I once heard a well-known evangelist interviewed about his 50+ year marriage to his wife. He was asked the question if he and his wife ever discussed divorce. Without hesitation, he replied, Divorce no, murder yes.  I think I'm in good company and so are you. Even though we love our spouse, we may not absolutely like them all the time.

The same is true with your organization. When you make the commitment to New Growth for your organization and their vision for tomorrow, it doesn't mean you will always like what's going on in your organization or the direction they are headed. But, it also doesn't mean you are any less committed to the organization. I believe commitment is a gift you give yourself because riding the fence and wavering with your commitment only means you're prolonging an inevitable fall in marriage and in your organizational life!

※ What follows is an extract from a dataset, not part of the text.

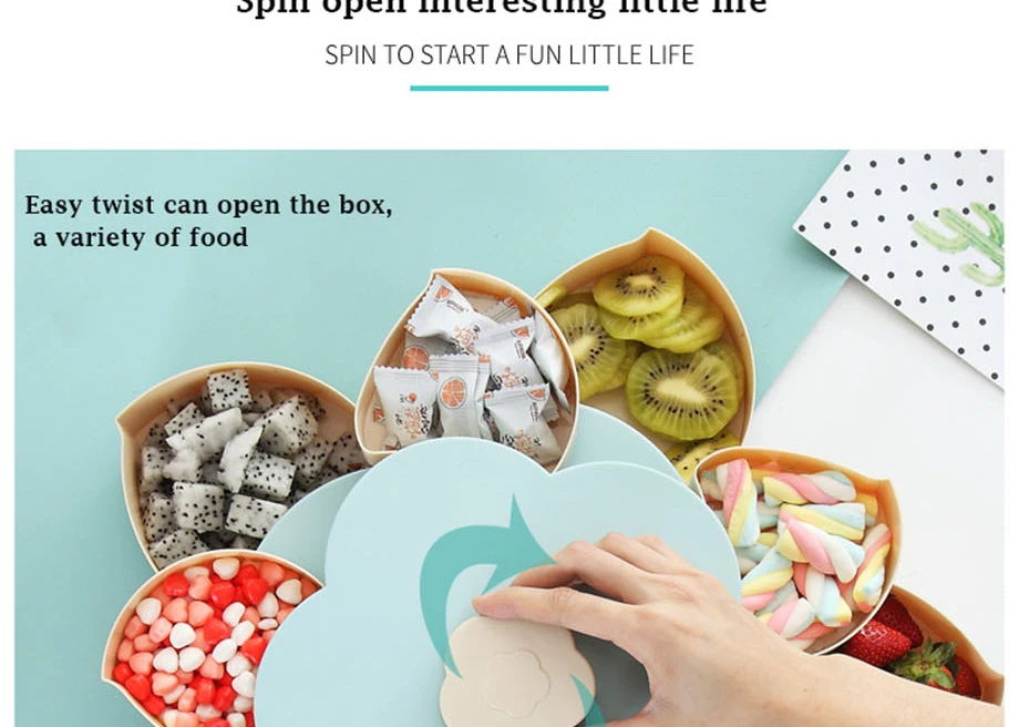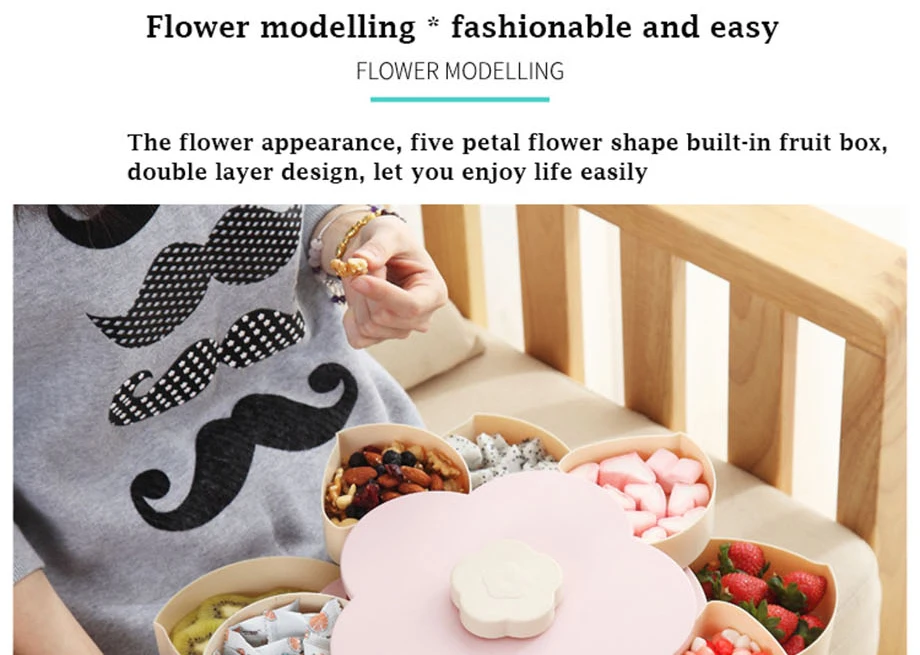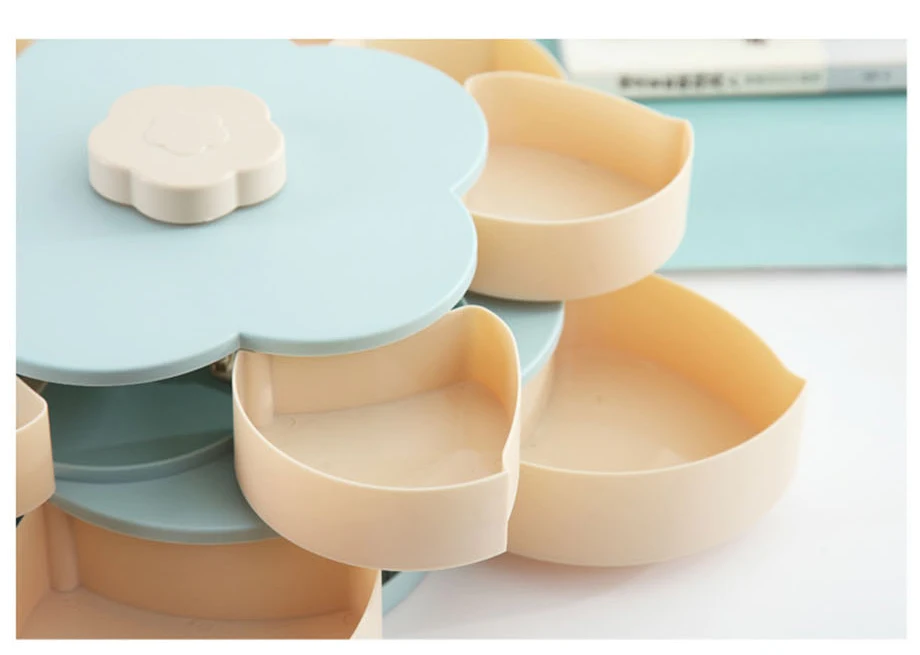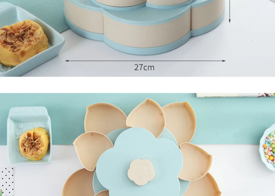 Двухслойная коробка для закусок, конфетные тарелки в форме лепестков, вращающиеся лотки, пластиковая коробка для ленивых фруктов, блюдо для сухофруктов, органайзер для хранения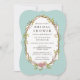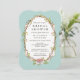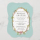 Una corona delicada de ramas de bosque y flores dulces rodea esta invitación a la ducha bonito en suave belleza natural. En suaves tonos pastel de verde azulado, rosa, marfil y verde primavera, este original ilustracion de Kat Parrella es perfecto para un fiesta de jardín, un fiesta de té, primavera, una ducha exterior o de patio trasero. Cada línea es personalizable para su comodidad.

I made complete job change. I can now see the plan come together, we can advocate for our clients and make the new planning system a true reality. Now when we see the glass half-full, we can assist with filling it up. It has opened our minds to new avenues.
Primary Service Coordinator

How would our world be different if we were all 100% committed to our marriages? How would your organization be different if all its employees were all 100% committed to the success of your organization? It would be much more difficult to fail. When you only give part of yourself to success in your job, you are asking for failure. It means constantly updating your resume and looking for other options. Remember, the grass is always greener on the other side of the fence, but it still needs to be mowed over there. If you think you're going to leave your current organization for a less tumultuous organization, in most cases, you will be in for a rude awakening. Change in organizations is the norm, not the exception nowadays. Instead of leaving your current organization, consider learning how to effectively cope with change and you will learn skills that will last you for a lifetime.

There are too many people praying for mountains of difficulty to be removed, when what they really need is courage to climb them.